Supporting Information
Title page
Title:
Ordering Ag nanowire arrays by spontaneous spreading of volatile
droplet on solid surface
Han Dai1, , Ruiqiang Ding1, , Meicheng Li1, 2*, Jinjer Huang3, Yingfeng Li1, and Mwenya
‡
‡
Trevor1
1
State Key Laboratory of Alternate Electrical Power System with Renewable Energy
Sources, School of Renewable Energy, North China Electric Power University, Beijing
102206, China.
2
Suzhou Institute, North China Electric Power University, Suzhou 215123, China.
3
Harbin University of Science and Technology, Harbin 150006, China.

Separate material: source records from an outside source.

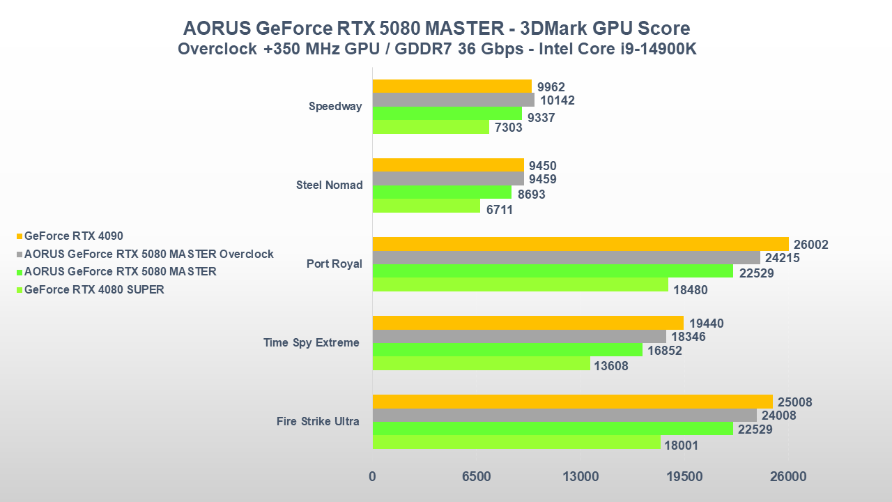Partiamo con i benchmark del 3DMark, ambito dove la AORUS GeForce RTX 5080 MASTER è (o meglio diventa) in media il 33,3% più veloce della GeForce RTX 4080 SUPER, avvicinandosi alla GeForce RTX 4090 e battendola nei test più recenti come 3DMark Steel Nomad (+40% su RTX 4080 SUPER) e Speedway.
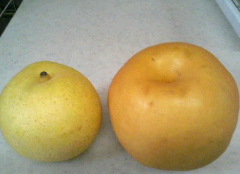左が『二十世紀』、右が『新高』ですが、確かに言われてみれば、皮の色が違いますね(大きさもかなり違いますし)
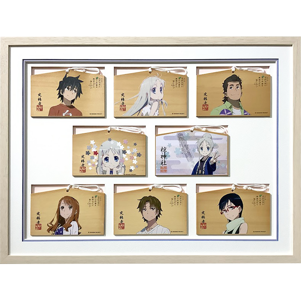 『あの日見た花の名前を僕達はまだ知らない。』通称「あの花」の作品の舞台と言われている埼玉県秩父市。作品の中で何度も描かれ、登場していた「札所17番・実正山 定林寺」と名シーンの場所である秩父市吉田にある「椋神社の龍勢櫓」この二か所の名が入ったキャラクター絵馬を額装させて頂きました。
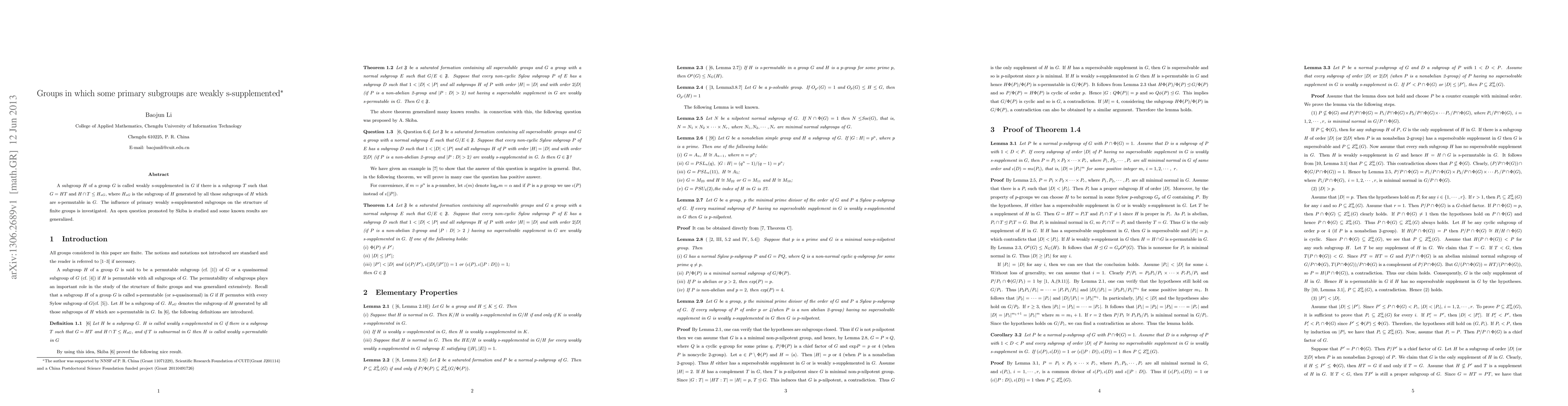 This paper explores the structural impact of primary subgroups in finite groups that are weakly s-supplemented, addressing an open question posed by Skiba and generalizing existing results in the field.

Correspondence to Meicheng Li (mcli@ncepu.edu. cn)
‡ These authors contributed equally to this work.
Contents
1. Arrangements of Ag nanowires in the central regions
2. The orientation process of Ag nanowires
3. The influence of the length effect on the arrangement of Ag nanowires on silicon
(glass) surfaces
4. Images of the transferred Ag nanowires on the tape
1. Arrangements of Ag nanowires in the central region
Figure S1. Optical images of Ag nanowires in the central region.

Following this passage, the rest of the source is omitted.